Secrets and environment configuration
Your model API key is the single most sensitive value in the app. Keep it in a
server-side environment variable on your host — Vercel project settings, Railway
variables, or your secrets manager — and never in client-side code, a public
bundle, or a committed .env. The browser should call your own backend route,
which holds the key and proxies the request to the provider. Separate keys per
environment (development, preview, production) so a leaked dev key never touches
production, and rotate keys on a schedule. A classic mistake is baking a
localhost URL or a key into the production bundle through a misnamed .env
file, so audit what actually ships to the client before launch.
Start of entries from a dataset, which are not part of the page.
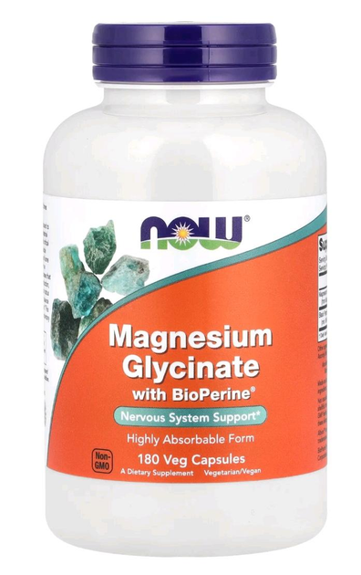 Магній гліцинат Now Foods з BioPerine 180 капсул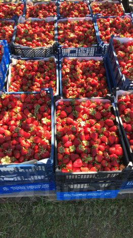 Площадь участка 14,5 га. Из них засажено клубникой 5 га. Сорта клубники Ароза, Клери и Прими.
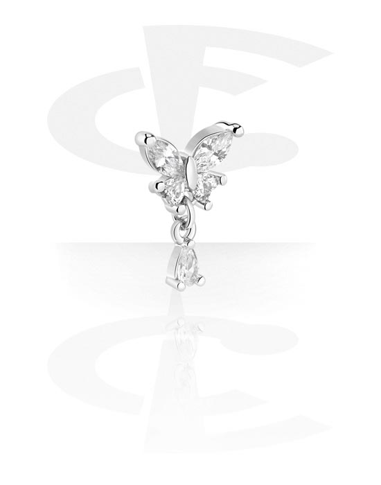 Attachment for threaded pins (plated brass, silver) med fjärilsdesign och kristallstenar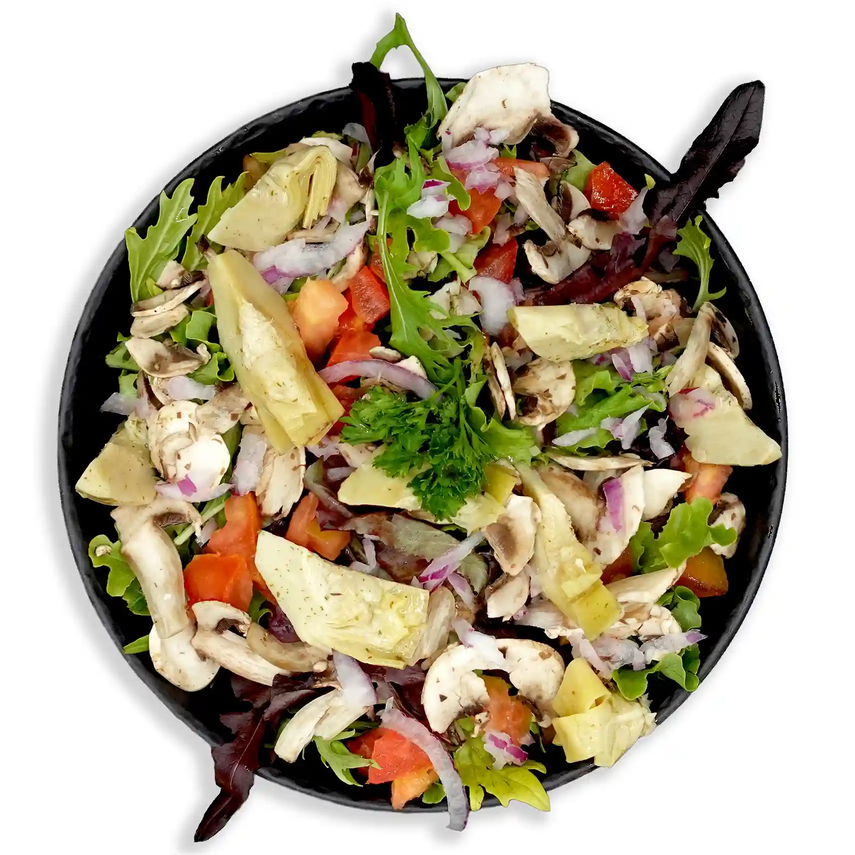 Mesclun, Cherry tomatoes, Echalottes, Garlic, Onions, Pepper drops, Artichoke, Mushrooms, Pesto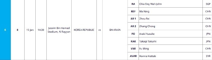 附:亚洲杯韩国VS巴林的裁判安排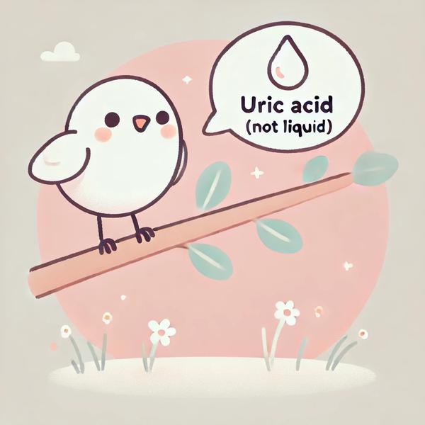 새는 포유류처럼 액체 형태의 소변을 배출하지 않습니다. 대신, 질소 노폐물을 '요산'이라는 형태로 배출하는데 , 이 요산은 물에 잘 녹지 않아 흰색 크림 같은 반고체 상태 로 나오게 됩니다. 우리가 자동차나 바닥에 떨어진 새똥을 보면, 가운데 갈색은 대변이고 그 위나 주위의 하얀 부분이 바로 이 요산입니다.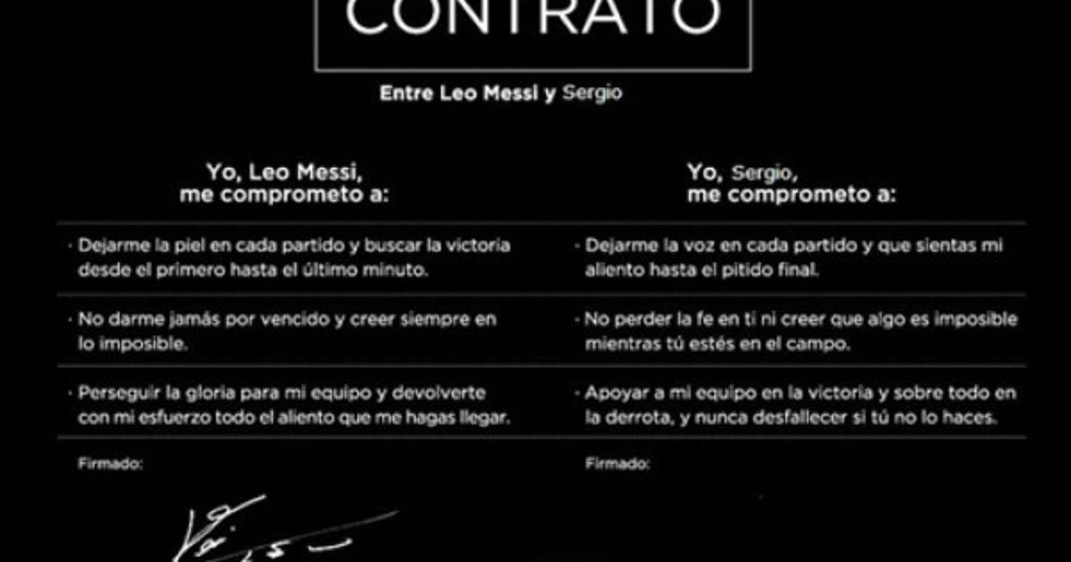 Messi publicó en su cuenta de Facebook: “Con alegría enorme después de firmar mi nuevo contrato en el FCB… Ahora es tiempo de firmar uno con todos ustedes, ¿te animas?”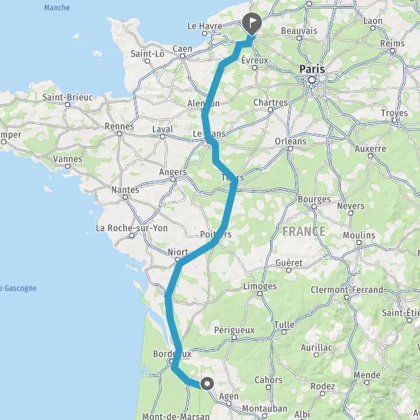 Continuer E5 (L'Aquitaine) sur 328 kilomètres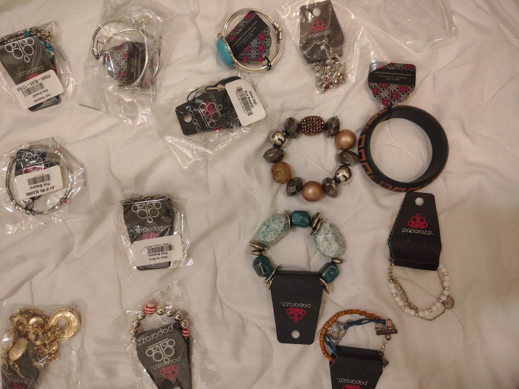 Paparazzi jewelry, new, approximately 90 pieces, 16 earrings ,22 necklaces ,42 bracelets ,nine adjustable rings, these are approximate numbers, sold as is and all for the price of $70. cash only, call or text 801-403-5538
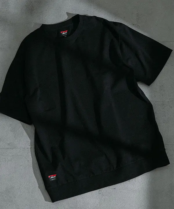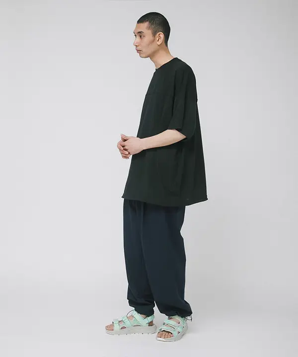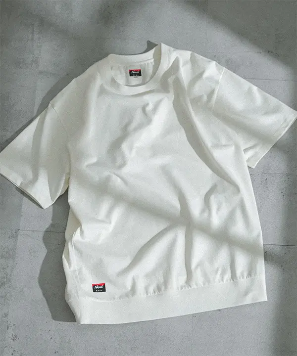 環境に配慮したリサイクルコットン、Ferre Yarn(フェレヤーン)を使用。NANGAオリジナルサイズのボディに、裾はスウェットライクなリブを付けた特別な仕様で、クリーンなトレーニングウェアを彷彿とさせるディテールを取り入れています。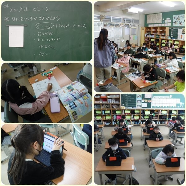 1組は図画工作の授業で、「スルスル ビューン」の教材で、何を作るかのアイデアを考えていました。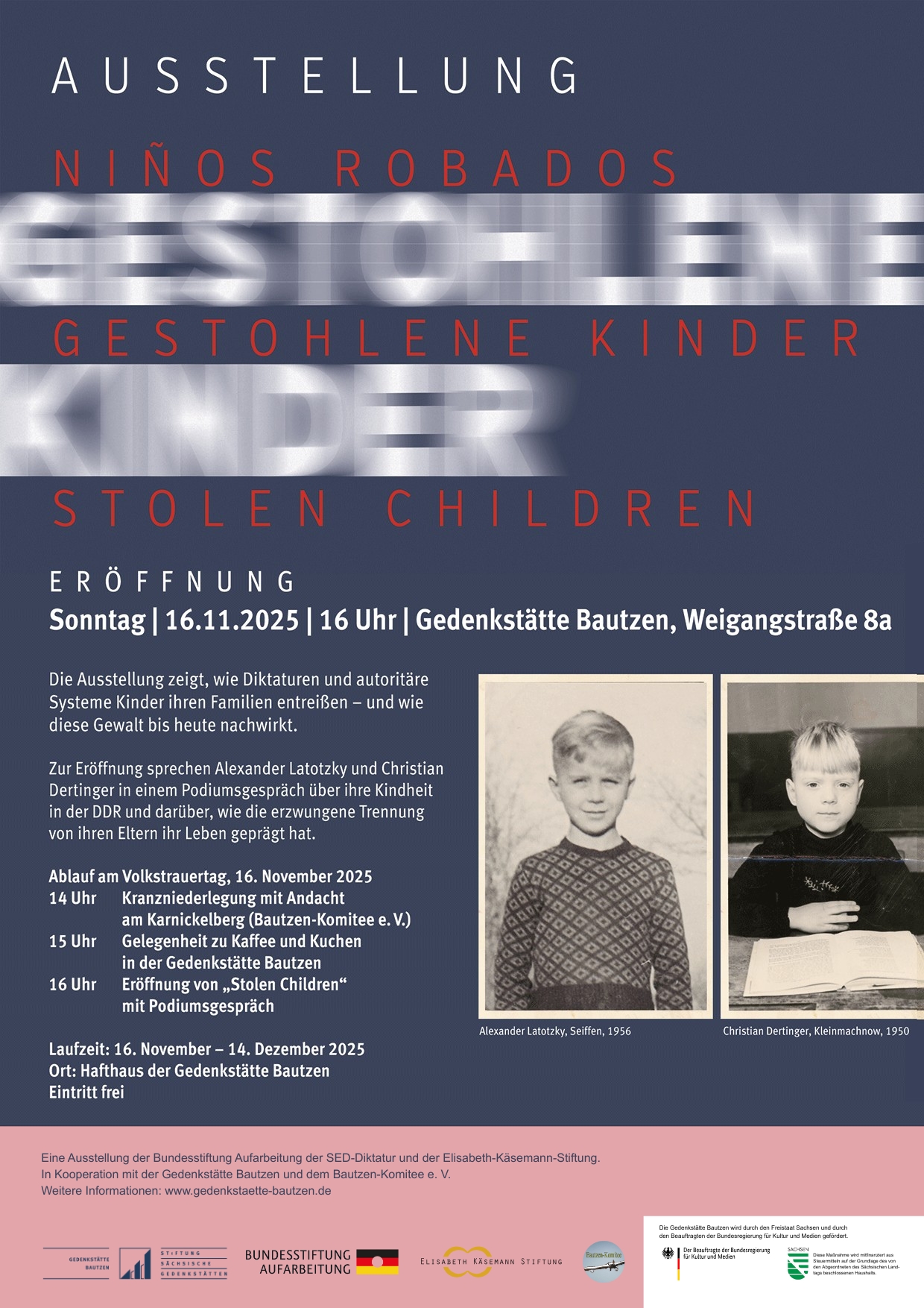 Am Sonntag, den 16. November 2025, eröffnet die Gedenkstätte Bautzen um 16 Uhr die Ausstellung „Niños robados. Gestohlene Kinder. Stolen children“. Zur Eröffnung berichten die Zeitzeugen Alexander Latotzky und Christian Dertinger im Rahmen eines Podiumsgesprächs in der Gedenkstätte Bautzen von ihren Erfahrungen. Der Termin fällt auf den Volkstrauertag und wird von einer Gedenkveranstaltung des Bautzen-Komitees um 14 Uhr am Karnickelberg eingeleitet. Zwischen den beiden Veranstaltungen gibt es die Möglichkeit, in der Gedenkstätte bei Kaffee und Kuchen miteinander ins Gespräch zu kommen.

Cost guardrails and rate limiting
AI calls cost money per token, so unbounded usage is a financial risk. Put rate
limiting on every public endpoint — per IP and per authenticated user — to stop
abuse and accidental loops. Cap max_tokens on every request so a single call
cannot generate an enormous, expensive response. Set a hard monthly spend limit
in the provider dashboard as a backstop. Log token usage per request and wire an
alert when daily spend exceeds a threshold, so you find a runaway before the bill
does. Prompt caching for large stable prefixes can cut both cost and latency
dramatically on repeat calls.
Reliability, logging, and zero-downtime deploys
External model calls fail sometimes. Wrap them in retries with exponential backoff, set request timeouts, and degrade gracefully with a clear message rather than a hung spinner. For critical features, configure a fallback model or provider. Move any work longer than a second or two behind a background queue so web requests stay fast and failures can be retried. Emit structured logs with a request id, the model, token counts, and latency — never raw user content or keys — so you can debug and attribute cost. Finally, lean on your platform’s zero-downtime deploys: it builds the new version, health-checks it, and switches traffic atomically, keeping in-flight streamed responses alive. Roll forward with small, frequent deploys and keep the previous version one click away for instant rollback.